Two speakers are located on the x-axis, one at the origin and one at d = 0.584. No frequency between 500 Hz and 1000 Hz that would result in destructive interference at the given microphone location.
To determine the frequency that would result in destructive interference at a given microphone location, we need to consider the path length difference between the two speakers.
Destructive interference occurs when the path length difference between the two speakers is equal to an odd multiple of half the wavelength. Mathematically, this can be expressed as:
Δx = n × λ ÷ 2
Where:
Δx = Path length difference between the two speakers
n = Integer (odd number for destructive interference)

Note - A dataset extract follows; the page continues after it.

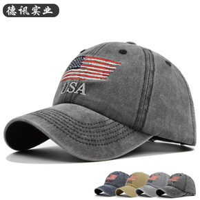 跨境欧美水洗做旧美国棒球帽刺绣鸭舌帽USA绣花棒球...

λ = Wavelength of the sound wave
The wavelength of a sound wave can be related to its frequency (f) and the speed of sound (v) using the formula:
λ = v ÷ f
Given the speed of sound (v) as 340 m/s, we can rearrange the equation to solve for the wavelength:
λ = v ÷ f
Now, we can substitute this expression for wavelength in the path length difference equation:
Δx = n × (v ÷ f) ÷ 2
Since we are interested in the frequency that results in destructive interference at a given microphone location (x), we can write the path length difference equation in terms of the microphone location:
Δx = (x - 0) - (x - 0.584) = 0.584
Now, we can substitute this value of path length difference into the equation:
0.584 = n × (v ÷ f) ÷ 2
Rearranging the equation to solve for the frequency:
f = n × (v ÷ (2 × Δx))
We know that the frequency should be between 500 Hz and 1000 Hz. Let's calculate the frequencies for n = 1, 3, 5, 7, etc., and check if they fall within this range.
For n = 1:
f = 1 (340 m/s ÷(2 × 0.584 m)) ≈ 291.78 Hz
For n = 3:
f = 3 (340 m/s ÷ (2 × 0.584 m)) ≈ 875.34 Hz
For n = 5:
f = 5 (340 m/s ÷ (2 × 0.584 m)) ≈ 1458.9 Hz
None of these frequencies fall within the range of 500 Hz to 1000 Hz.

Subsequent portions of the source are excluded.